MUST-HEAR: Your extensive Phish listening has trained your ears over the years to tell the difference between an average, typically great version of a song, and a version that reminds you why you still care about what Phish does and when it does it. (If you aren’t sure if you know the difference, then compare, for example, any version of “Mike’s Groove” from 2009-2010 with any version from December 1995.) Must-hear versions of tunes often involve “Type II” improvisation, which is old fanboy-speak for when a song’s jam leaves its traditional form or modus operandi. It is often marked by a time signature change or changes accompanied by improvisation that carves-out a distinctive, original path (e.g., the Bangor “Tweezer” from 11/2/94 on A Live One; the Paradiso “Stash” from 7/2/97; “YEM” from both 12/9/95 and 10/10/99 in Albany; “Seven Below” from the Gorge on 7/13/03 and more recently on 11/28/09 in Albany; and so on). So-called “Type II” jamming, however, can sound dreadful. It is risky improvisation that usually sounds like risky improvisation. But when it soars like melodious, composed music, one basks blissfully in its transcendence.

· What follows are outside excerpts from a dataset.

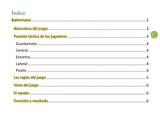 El documento describe el deporte del balonmano. Se juega entre dos equipos de 7 jugadores cada uno (6 jugadores de campo y un portero) con el objetivo de introducir una pelota en la portería contraria utilizando principalmente las manos. El terreno de juego es un rectángulo de 40m x 20m dividido en dos mitades iguales con una portería en cada lado. El equipo que marque más goles al final del partido es el ganador.
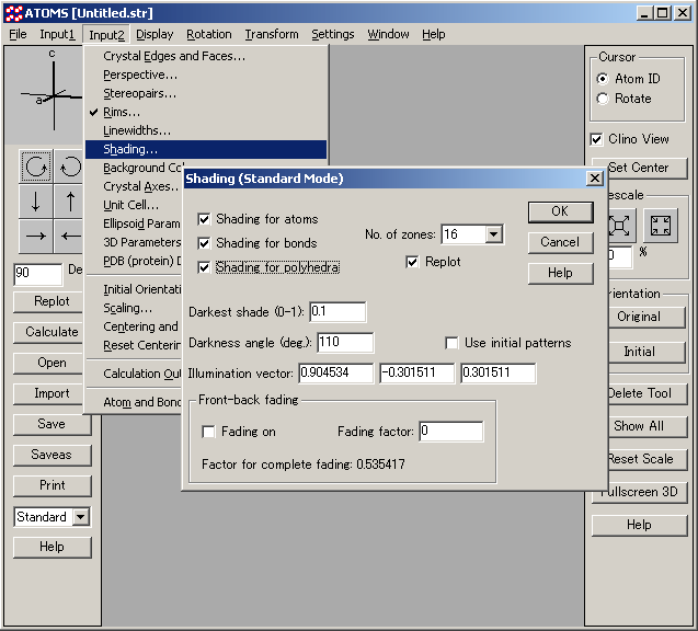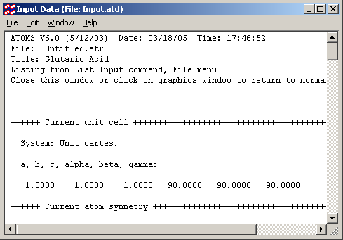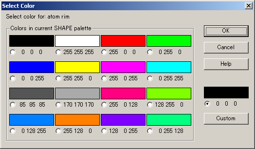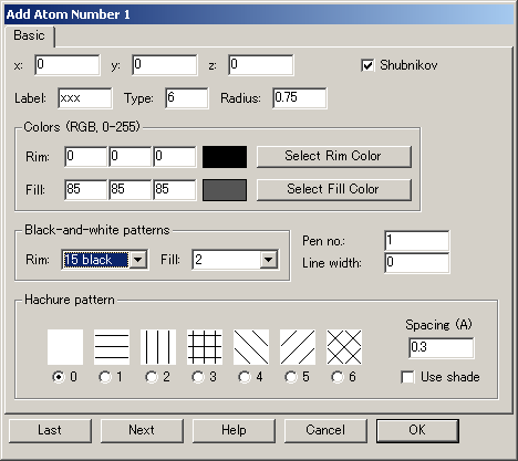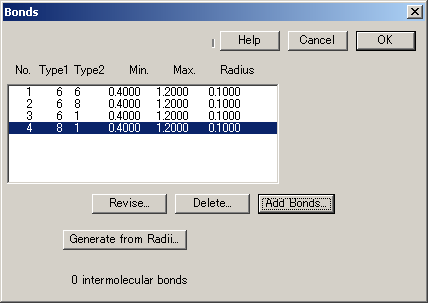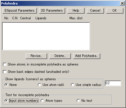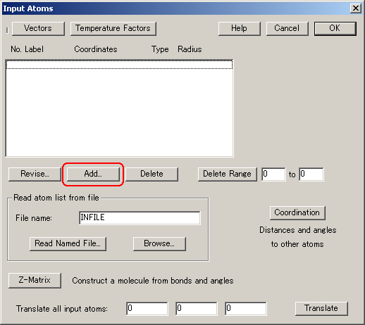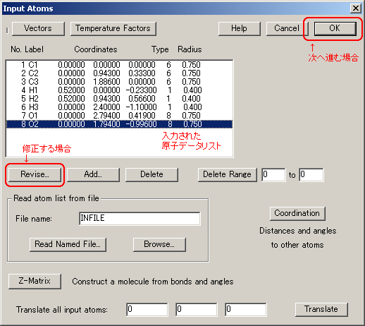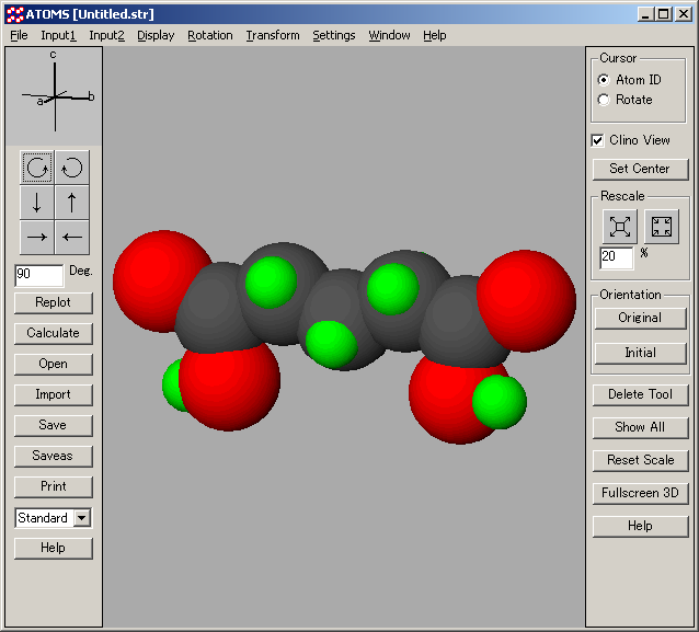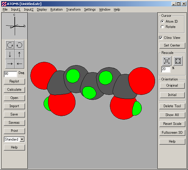ここでは、原子データと結合データの基本的な入力方法と、相互貫入する原子の空間充填形式での表示方法を説明します。(原子位置と半径のデータは即席で用意したもので、現実のものではありません。)
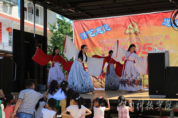 7月7日,该院与双牌县文体广新局、江村镇人民政府共同举办了新利·体育大学生“三下乡”暨江村镇庆祝建党九十五周年文艺演出。此次演出内容丰富,形式多样。歌曲《美在永州》,唱出了永州人民的心声;轻盈灵动的瑶舞与富有异域风情的印度舞,彰显了不同地域文化的特色与活力。其中,双牌县文体广新局副局长刘兴国原创的歌曲《湘恋》和文化馆声乐专干唐红梅演唱的歌曲《欢天喜地》,分别表达了对家乡深沉的依恋和对美好生活的向往;《大渡河畔英雄多》情景剧突出主题,真实地还原了红军十八勇士强渡大渡河的英雄事迹……新颖与经典相融,受到当地群众的欢迎。
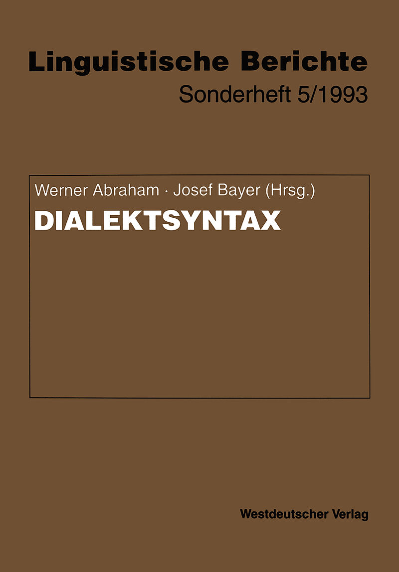 Autorentext Dr. Werner Abraham lehrt am germanistischen Institut der Universität Groningen, Niederlande. Dr. Josef Bayer ist z. Z. Mitarbeiter am Institut für Sprachwissenschaft der Universität Wien. Klappentext Das Studium von Dialekten stellt einen wichtigen...
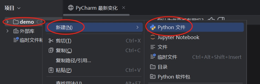 项目创建完成之后,就可以创建一个 Python 代码文件了,具体操作如下。
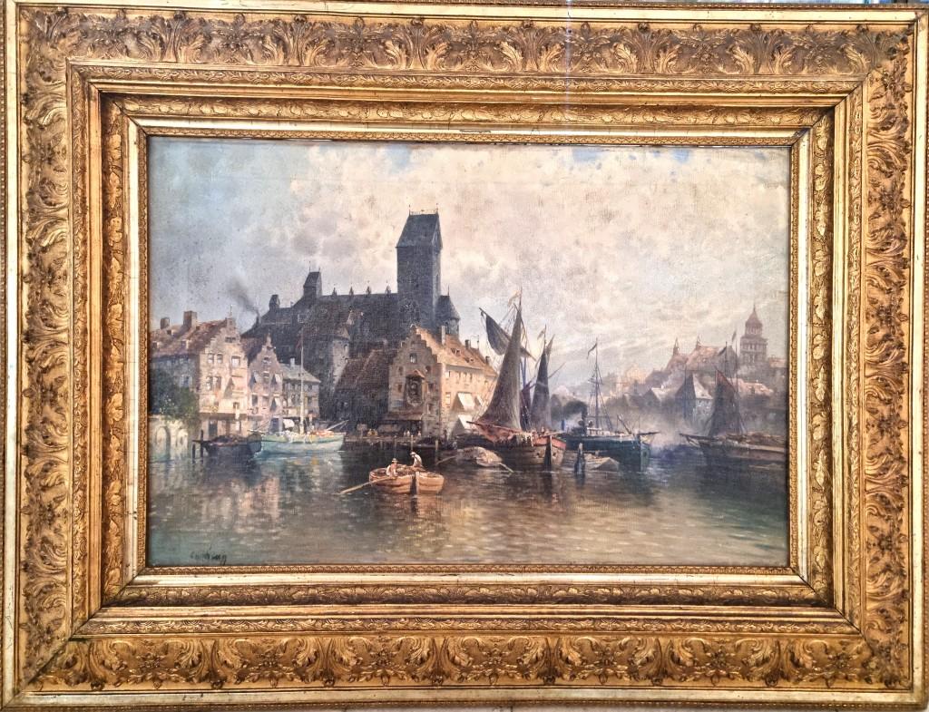 Obraz, olej na plátně o rozměrech malby 80 x 54 cm, rám 110 x 88 cm. Signováno viz foto. Druhá polovina 19. stol. Perfektní stav.
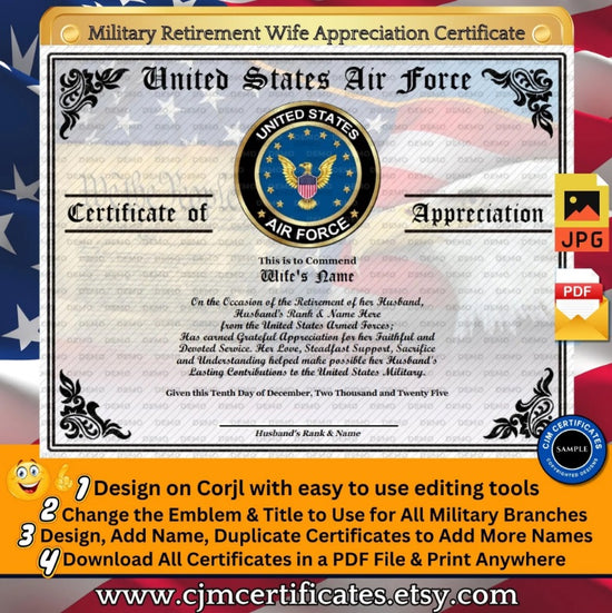 US MILITARY RETIREMENT CEREMONY-WIFE APPRECIATION CERTIFICATEPurchase Your Certificate Template - Customize Your Certificates in CORJL - Download & Print
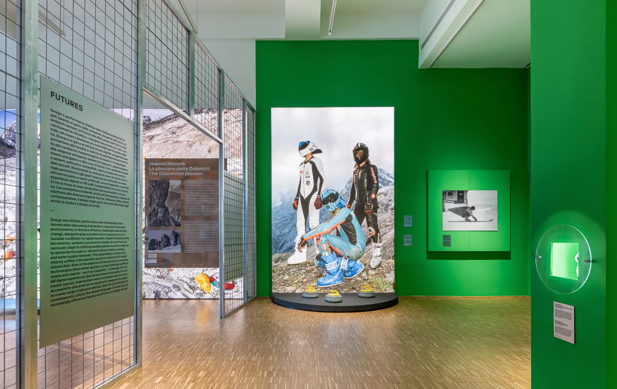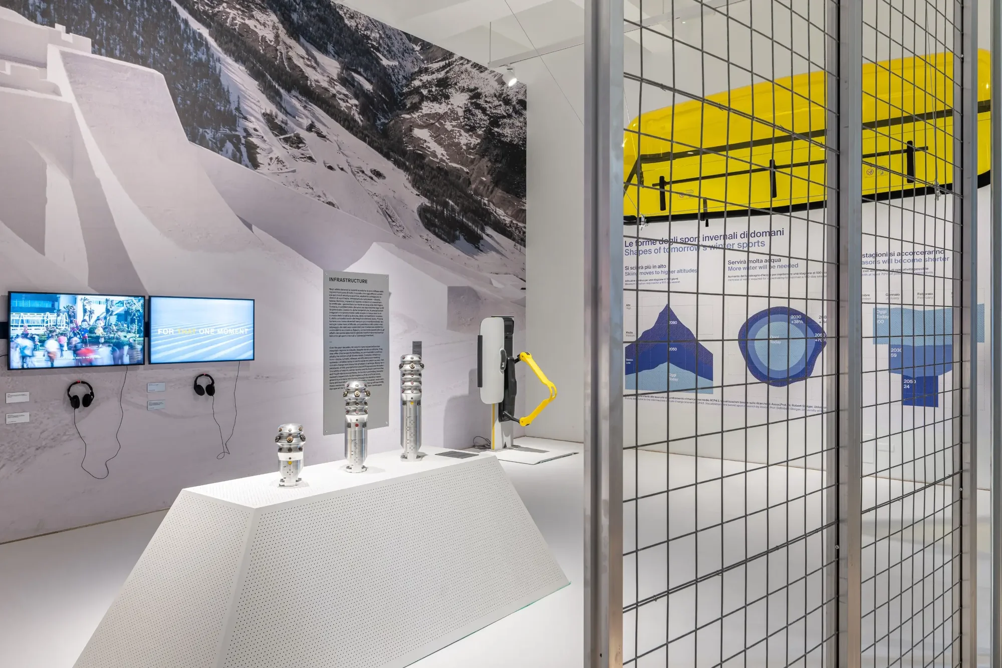 Zwischen 28. Januar und 29. März führt die Schau „White Out. The Future of Winter Sports” in thematisch gestalteten Bereichen sportliche Disziplinen, Gestaltungsprojekte, Ausrüstung, Technologien und vor allem Sportarchitektur zusammen, um sichtbar zu machen, wie Design und Innovation auf veränderte Umweltbedingungen reagieren. Im Fokus stehen Wintersportarten, wintertouristische Konzepte, Wettkampfformate sowie die Gestaltung von Sportstätten, Ausrüstung und Uniformen.
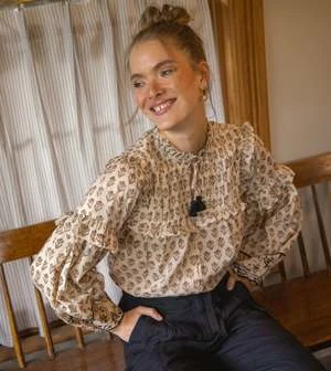 The Emberly Blouse is the perfect top to pair with your favorite pair of jeans or skirt. Made of 100% GOTS certified organic cotton mulmul, its ruffle and pintuck details add a touch of charm to any outfit.
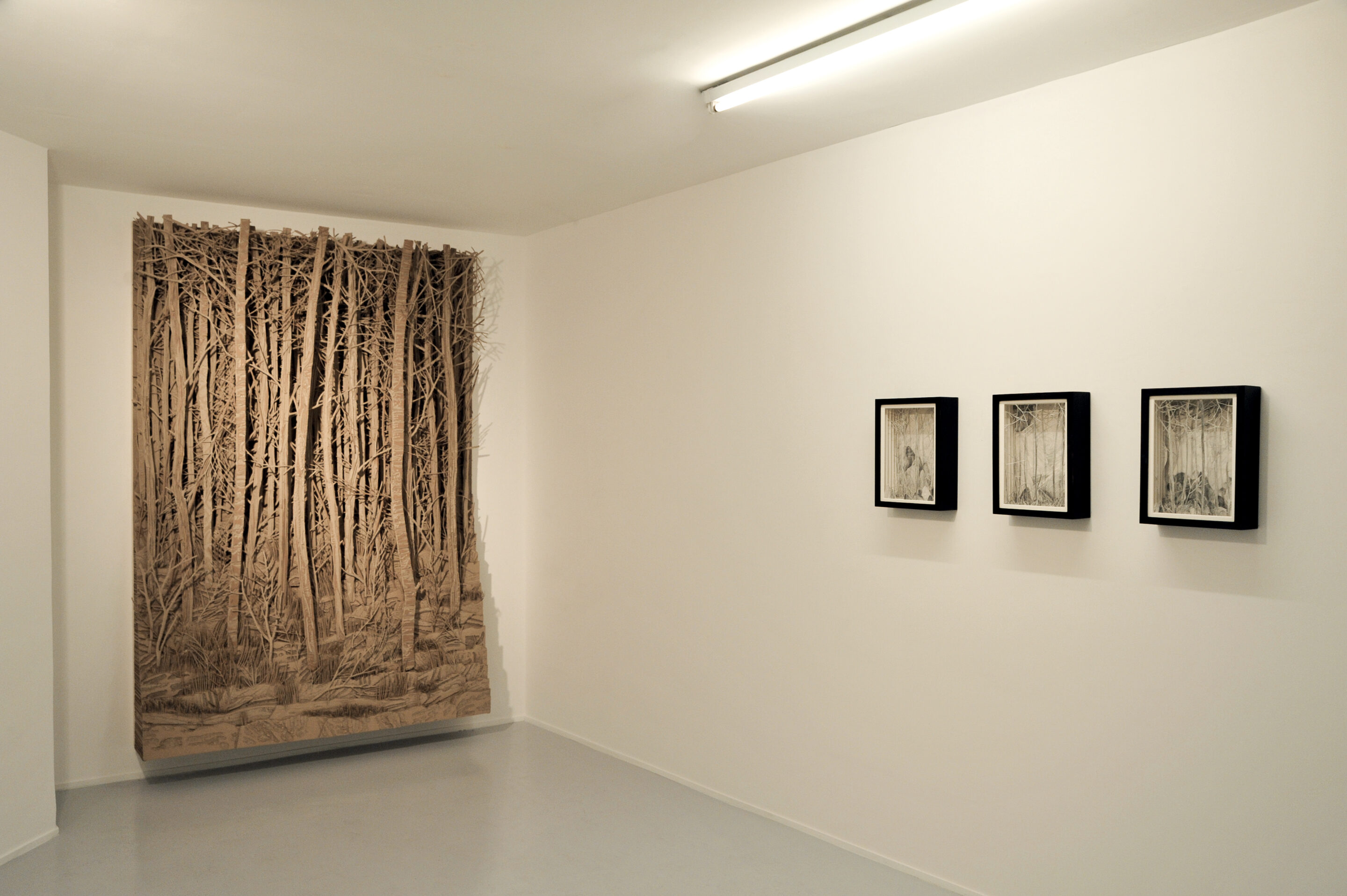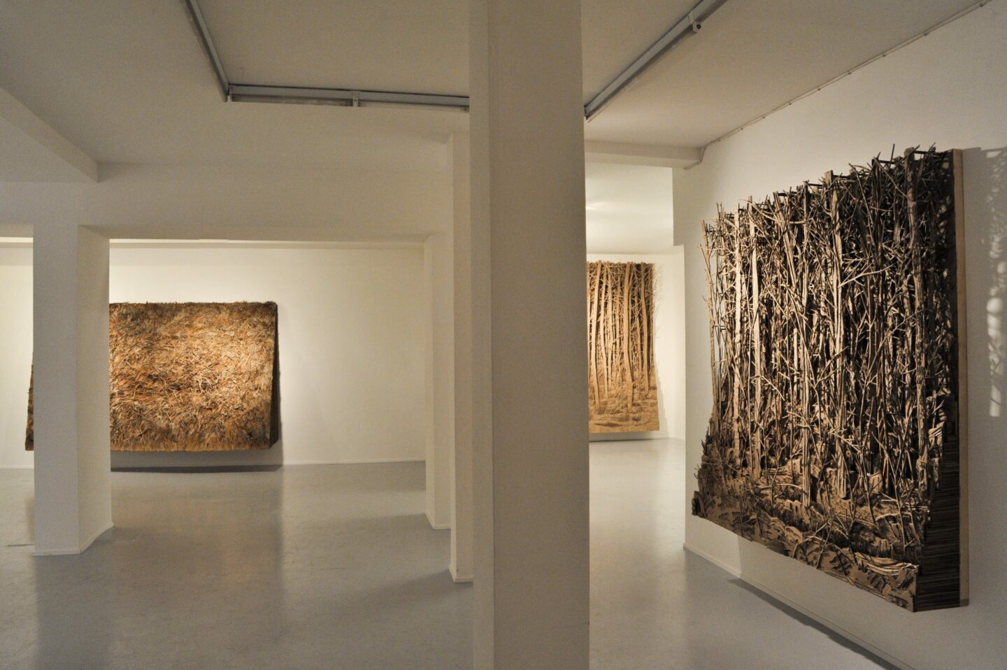 Similar to the decor of a long-forgotten dream, Eva Jospin’s works possess a singular power of suggestion. Alone facing these forests, the viewer cannot help but let his mind wander. Such is the case with forests in which we, literally, lose ourselves. The ambiguity of these works, inspired as much by classical landscape painting, as by land art, resides, among others, in their plural identity: at the same time a painting, a sculpture, a high relief… To look at each new creation by the artist is just as visual as it is immersive. Beyond this sensory experience, these works also function as a screen on which everyone is likely to project his/her own interpretation: isn’t the forest a place of infinite possibilities? In any case, this is what fairy tales have taught us.
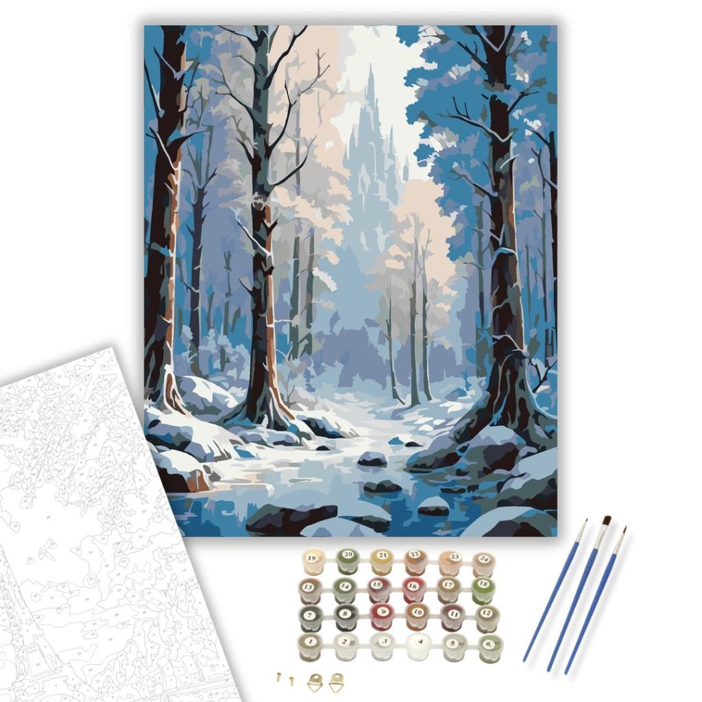 Varázslatos Téli Kastély az Erdő Mélyén - számfestő készlet – 60×70 cm (Keret nélkül)

This tour featured a few versions of tunes that might please even a jaded veteran: the “Chalk Dust Torture” from June 25 Camden, the most thrilling version since 8/9/04 Hampton, and one of the best improvisations of “Phish 3.0”; the June 17 Hartford “Down with Disease -> Sand” (even though “Sand” ends awkwardly when Trey starts “Horse”); the “2001 -> Billie Jean / Thriller Mash-up Jam -> 2001” from Camden on June 25, the first anniversary of Michael Jackson’s death; the Merriweather June 27 “Piper” (which cruised out of whale-calling aimlessness into an intense “Birds of a Feather”-like jam); the return of “Fuck Your Face” on July 2 in Charlotte; and the potent cover of “Killing in the Name” on July 4 in Georgia. There’s more that is arguably “must-hear,” of course, and it is discussed below.